Timing of nicotine effects on learning in zebrafish.

Author information

1
Neurobehavioral Research Laboratory, Department of Psychiatry and Behavioral Sciences, Duke University Medical Center, Box #3412, Durham, NC 27710, USA. edlevin@duke.edu

Abstract

RATIONALE:

Nicotine has been shown in many, but not all, studies to improve cognitive function in a number of species including rats, mice, monkeys, and humans. Recently, we have found that nicotine also improves memory in zebrafish. Nicotinic agonists are being developed as novel treatments for Alzheimer's disease and other cognitive impairments.

OBJECTIVES:

In screening the therapeutic potential of novel nicotinic agonists, it is important to have a rapid assay of cognitive improvement.
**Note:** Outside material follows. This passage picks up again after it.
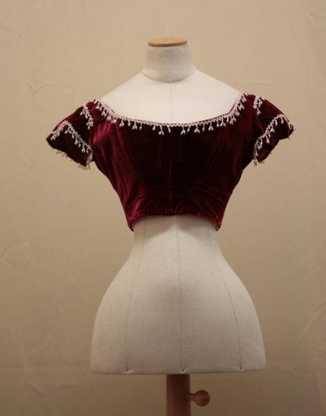 Corpino in velluto rosso granata, collo rotondo sottolineato da una frangia in perline di vetro trasparente e opaco, modellato da tagi e pense, vita dritta; dorso con vita modellata s punta, allacciatura centrale ottenuta da coppie di sete occhielli, maniche molto corte decorate come lo scollo. Doppiato in tela di lino écru, con nove stecche foderate con fettucia e nastro stringivita.

Zebrafish can help with this effort.

METHODS:

We have developed a method of rapidly assessing spatial position discrimination learning in zebrafish in one session of seven trials. We used this method to determine the cognitive effects of nicotine.

RESULTS:

Nicotine (100 mg/l administered during 3 min of immersion) caused a significant improvement in percent correct performance. This dose was within the effective range we found to improve the choice accuracy performance of zebrafish using the more time-intensive delayed spatial alternation procedure. Interestingly, the positive effect of nicotine was seen at 20-40 min postadministration, but not earlier, and declined at 80 and 160 min posttreatment. At the 40-min postdosing interval, 200 mg/l nicotine was also found to significantly improve choice accuracy. Nicotine-induced accuracy improvement was reversed by the nicotinic antagonist mecamylamine given shortly before testing but not when given concurrently with nicotine.

CONCLUSIONS:

This position discrimination procedure in zebrafish effectively demonstrated the cognitive-enhancing effects of nicotine. This model may be useful in the early screening of novel nicotinic compounds for treatment of cognitive dysfunction.

PMID:
16175402
DOI:
10.1007/s00213-005-0162-9
[Indexed for MEDLINE]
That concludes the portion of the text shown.